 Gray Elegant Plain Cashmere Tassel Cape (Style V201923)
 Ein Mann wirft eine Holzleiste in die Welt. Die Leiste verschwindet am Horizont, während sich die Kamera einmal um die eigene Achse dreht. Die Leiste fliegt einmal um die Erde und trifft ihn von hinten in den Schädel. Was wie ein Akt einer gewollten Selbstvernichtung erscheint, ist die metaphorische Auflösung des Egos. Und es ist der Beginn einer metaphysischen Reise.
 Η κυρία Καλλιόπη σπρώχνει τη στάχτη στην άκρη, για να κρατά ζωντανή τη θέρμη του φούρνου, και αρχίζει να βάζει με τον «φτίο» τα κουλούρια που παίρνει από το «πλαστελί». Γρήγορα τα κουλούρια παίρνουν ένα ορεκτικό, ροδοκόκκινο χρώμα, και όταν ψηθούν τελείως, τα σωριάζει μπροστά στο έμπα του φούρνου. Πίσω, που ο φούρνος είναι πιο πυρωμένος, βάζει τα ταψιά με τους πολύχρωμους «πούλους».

▬▬▬▬▬▬▬▬▬▬

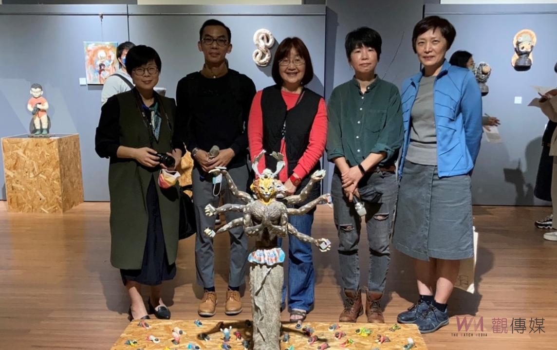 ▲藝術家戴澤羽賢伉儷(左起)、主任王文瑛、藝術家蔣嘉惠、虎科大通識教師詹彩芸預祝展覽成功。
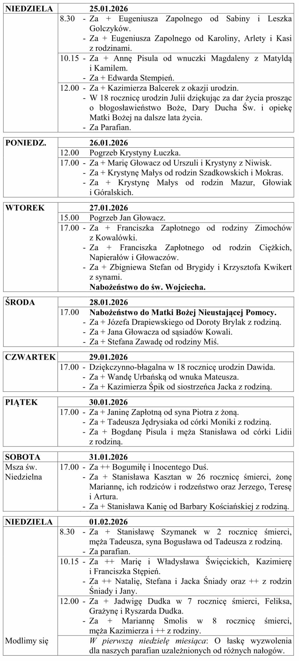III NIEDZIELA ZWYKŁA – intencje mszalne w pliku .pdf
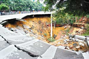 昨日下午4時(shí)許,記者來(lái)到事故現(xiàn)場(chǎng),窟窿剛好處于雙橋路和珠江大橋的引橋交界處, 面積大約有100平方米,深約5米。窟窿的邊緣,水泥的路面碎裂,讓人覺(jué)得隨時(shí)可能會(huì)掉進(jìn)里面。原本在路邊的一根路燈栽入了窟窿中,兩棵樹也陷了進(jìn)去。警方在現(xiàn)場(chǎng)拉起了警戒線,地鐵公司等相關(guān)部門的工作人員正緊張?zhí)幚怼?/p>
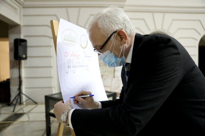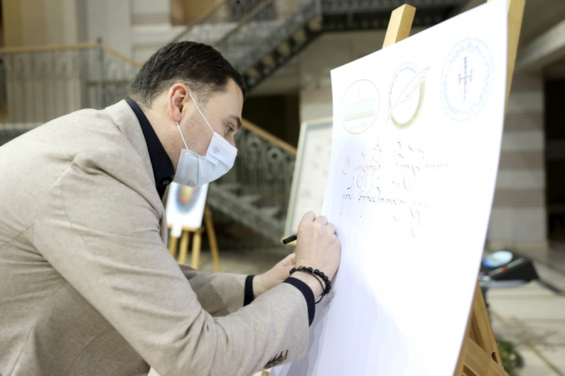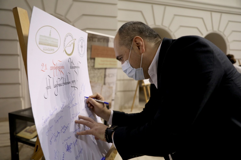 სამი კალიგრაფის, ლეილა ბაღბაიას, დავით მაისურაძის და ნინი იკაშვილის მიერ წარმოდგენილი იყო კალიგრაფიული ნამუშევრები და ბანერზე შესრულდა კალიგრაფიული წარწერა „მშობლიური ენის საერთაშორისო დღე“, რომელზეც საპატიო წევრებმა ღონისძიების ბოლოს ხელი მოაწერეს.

▬▬▬▬▬▬▬▬▬▬

• **TASK TO CARRY OUT**: Copy the stretch of the records above that runs from the line with "Gray Elegant Plain" through the line with "Η κυρία Καλλιόπη". Both end lines belong in the copy, and nothing else does.

• **SOLUTION FOR THIS TASK**:
 Gray Elegant Plain Cashmere Tassel Cape (Style V201923)
 Ein Mann wirft eine Holzleiste in die Welt. Die Leiste verschwindet am Horizont, während sich die Kamera einmal um die eigene Achse dreht. Die Leiste fliegt einmal um die Erde und trifft ihn von hinten in den Schädel. Was wie ein Akt einer gewollten Selbstvernichtung erscheint, ist die metaphorische Auflösung des Egos. Und es ist der Beginn einer metaphysischen Reise.
 Η κυρία Καλλιόπη σπρώχνει τη στάχτη στην άκρη, για να κρατά ζωντανή τη θέρμη του φούρνου, και αρχίζει να βάζει με τον «φτίο» τα κουλούρια που παίρνει από το «πλαστελί». Γρήγορα τα κουλούρια παίρνουν ένα ορεκτικό, ροδοκόκκινο χρώμα, και όταν ψηθούν τελείως, τα σωριάζει μπροστά στο έμπα του φούρνου. Πίσω, που ο φούρνος είναι πιο πυρωμένος, βάζει τα ταψιά με τους πολύχρωμους «πούλους».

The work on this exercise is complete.